New products aim to eliminate that telltale howl caused by annoying wolf tones

By 1974, when the grey wolf became one of the first animals to be protected under the then year-old Federal Endangered Species Act, the predator had been hunted almost to extinction. But it became apparent that the wolf must be saved—not in spite of being a predator, but for that very reason. As feared and reviled as it might be, the wolf serves an indispensable role in preserving the balance of the overall ecosystem; to preserve the balance, mankind must learn to accommodate the wolf, rather than the other way around.

It’s the same with the wolf on your instrument—the predator that eats notes and howls at its own pleasure, regardless of how it might interfere with your music making. But its presence is as much a bellwether of the health of your instrument as its four-footed brother is of the larger world we live in. You, too, must learn to accommodate it, and luckily for you, there are some handy little gadgets that have been invented in recent years to make the task possible.

I know it sounds like the weak evasion of a violin maker to say that every instrument has one, but it’s true. It’s a fundamental aspect of the way the box resonates when you bow the string. At a certain point the resonation changes—and that point is the wolf tone. Fine, you say; but I never had that problem with my cheap student instrument, and now I’ve spent all this money—for what? For a horrible note that breaks and howls when I try to play it?

Try These Tools

The fact is that your old instrument had one, but it was latent—the wolf was there, but sound asleep in its lair. The reason your new instrument is so much better than that old battle-axe is that it resonates more—not just in volume, but in all the overtones that make up that rich tone. You hear everything now, but along with all that wonderful sound comes the wolf. Or pack of wolves, actually, because it’s there on the same note in every octave, even though you might notice it only on one certain note. It’s much more apparent in the lower registers—again, because of the way the box resonates.

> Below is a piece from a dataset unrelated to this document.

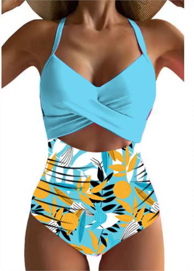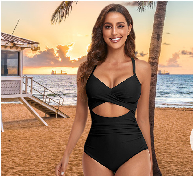 Сплошной купальник Amazon Европейская и американская внешняя торговля контрастная Цветовая строчка сексуальный полый купальник с регулируемым перекрестным соотношением ремешков основа

Violinists are lucky—the wolf tone only ever troubles them high up on the G string, so unless you’re playing Paganini, you’ll probably never come across it. And I’ve never encountered it as a problem on violas, perhaps because it’s an in-between note that you never play. But then there’s the cello. Unluckily for cellists, the wolf tone is loudest in the third position on the G string—most usually an F or F sharp. It used to be that there was not much you could do but squeeze your knees together and plow through. But in recent years acousticians have come up with new devices that temper the wolf enough to make it much less of an intrusion on your life. These work differently from one another, but the basic idea is the same—to absorb the extra energy that causes the uncontrolled wolf tone while damping the rest of the spectrum as little as possible.

One is a nifty little resonator. You’ll have to go to your violin maker to get one because they require professional installation—they’re glued to the inside of the top. Your violin maker will select the one that corresponds with the pitch of your wolf (they come in three different ranges) and then, using beeswax to stick it to the top by the lower end of the bass sound hole, he or she will move it slightly while you saw away on the wolf until the spot is found that most mitigates it. Sometimes it goes away completely. Then a special tool is used to glue it to the exact same place on the inside of the top.

David Bice, at New Harmony Music, has come up with a much more effective version of the old familiar brass tube that you used to see screwed onto the G string between the bridge and tailpiece. His is a simple brass slug with a curved slot that allows you to clip it on the string. He makes them in a variety of weights, from 3 to 13 grams; you want to use the lightest one that works.

Try it on the C string first, and then the G—by moving it ever so slightly, eventually you’ll find a weight and place that works best. Unlike the resonator, which dampens the wolf, these slugs seem to work by moving the wolf to a note you don’t play. But the result is often the same, in taking care of the troublesome wolf, so I would try it first—once the resonator is glued in, it’s the devil to get it out.

A recent innovation called the Rezx is a weight that’s held onto the top by a magnet on the inside. Like the resonator, you move it around until you find the most effective spot for damping the wolf. Made of bright stainless steel, it adds a raffish, downtown touch to your instrument’s look—a nose ring for your cello. But be very careful installing it—if you slip with the magnet, it will clip onto the endpin, if it’s steel.

Try Lowering String Tension

And there’s one more thing you can do: try low-tension strings. That sometimes helps. As for the devices I’ve mentioned, the cure won’t kill your sound but it may come with a cost: some musicians notice a slight damping of the sound overall. If so, it’s a tradeoff, and only you can decide if it’s worth it. Last week, 35 years after the grey wolf was listed as an endangered species, Secretary of the Interior Ken Salazar announced that the reintroduction of the wolf had been a resounding success, and was being removed from the list.

These recent innovations in the violin world should go a long way in allowing you, too, to live in peaceful harmony with your personal wolf.